If Peter thought that way – and he may have at first – he was willing nevertheless to do what Jesus asked.  Verse 5 indicates a spirit of willingness, “But Simon answered and said to Him, ‘Master, we have toiled all night and caught nothing.’”  That was a statement of fact.  They had fished all night and were unsuccessful, but do not read that without quickly moving on to what Peter says next.  He says, in last part of verse 5, perhaps with a congenial smile, “Nevertheless, at Your word I will let down the net.”

Here is a man with a willing spirit.  Here is a man who obeys Jesus even when there is an inner struggle with what Jesus says to do.  Peter obeys Jesus even when everything within him screams, “This cannot be!  This will never work!  This doesn’t make sense!”

It is a bit like Genesis 12 where God says to Abram, “I want you to pick up everything and move.  Go away from your country, from your family, and from your father’s house.”  Where?  God says, “To a land that I will show you” (Genesis 12”112:1).”  Now does that make sense?  Would you be willing to quit your job, pack up your family, and your personal belongings and, when someone asks, “Where are you going?”  You say, “God’s going to show me.”  “Oh… right.” 

A faithful follower of Jesus Christ

Has a willingness to do what

He is asked even if it does not

Seem to make sense. 

A faithful follower of Jesus

Has a willingness to do what

He is asked even if it seems

Out of step with the world.

When Peter obeys the Master’s command, God honors that obedience and shows Himself strong in Peter’s life.  The power of God is evident in the catching of a huge number of fish so that, verse 6, “their net was breaking.”  Verse 7 says, “So they signaled to their partners in the other boat to come and help them and they came and filled both the boats, so that they began to sink.”

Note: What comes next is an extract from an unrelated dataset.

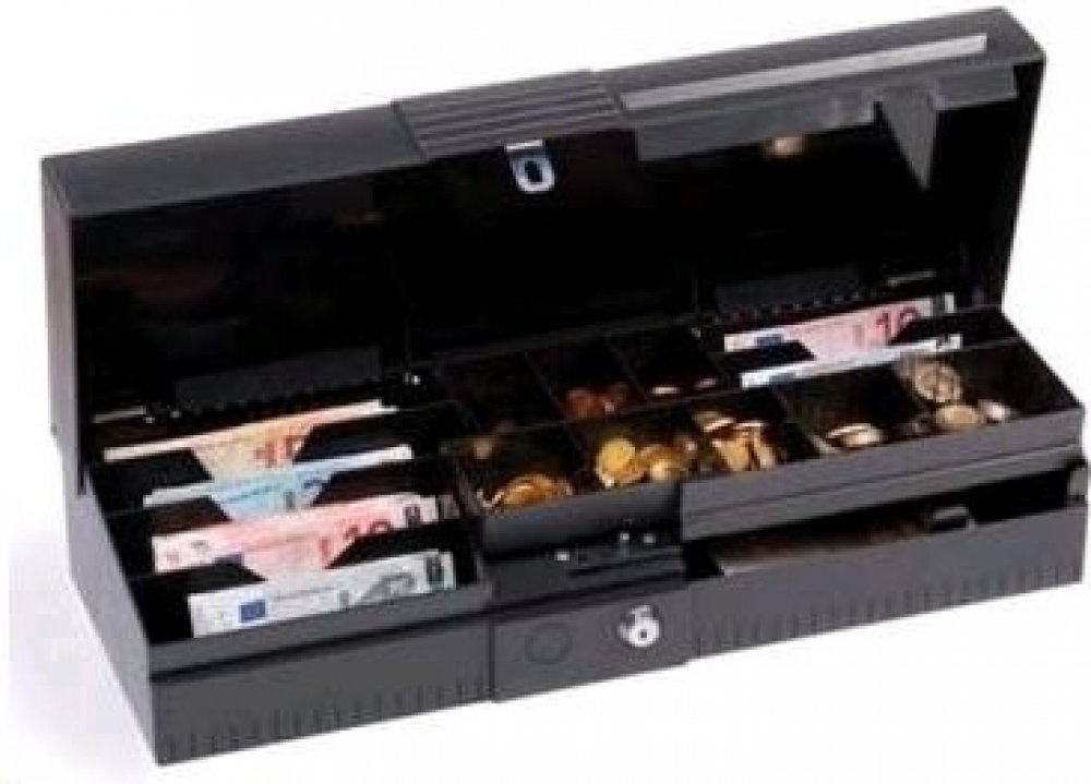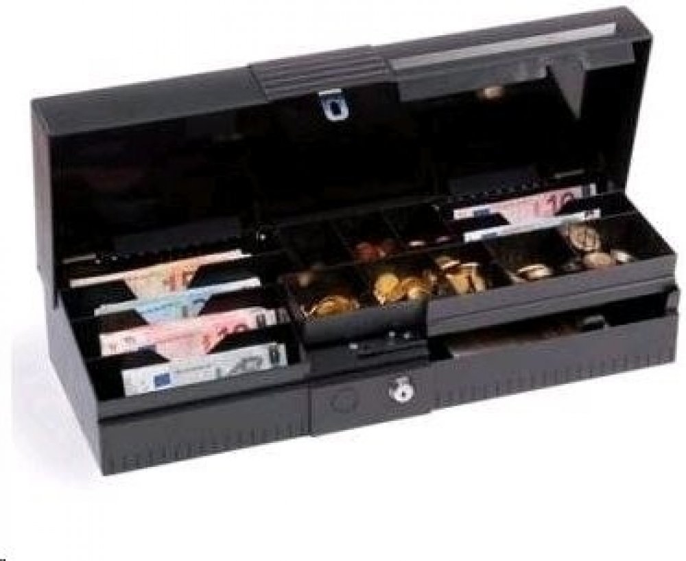 6 přihrádek pro bankovky 8 přihrádek na mince 1 přihrádka pro doklady

It is difficult to read these verses without asking ourselves some soul-searching questions.  Could it be that the reason I do not experience a great sense of God’s power is because I am unwilling to do all that He asks?  I know what the Bible says about witnessing, about trusting, about praying, attending church, about tithing, and about trusting and obeying, but some of the things He asks me to do are so out of step with the world!  Could it be that the reason you do not experience power and victory in your life is because you never do anything radical.  You just wade in the shallow waters by the shore.  You are safe there.  You ae secure there.  You are comfortable there.  You like to go to church once a week.  It feels good.  You are comfortable.  It works well into You schedule.  We never wade out into the waters.  We just float around living a safe, secure life.  Jesus calls us to more than that.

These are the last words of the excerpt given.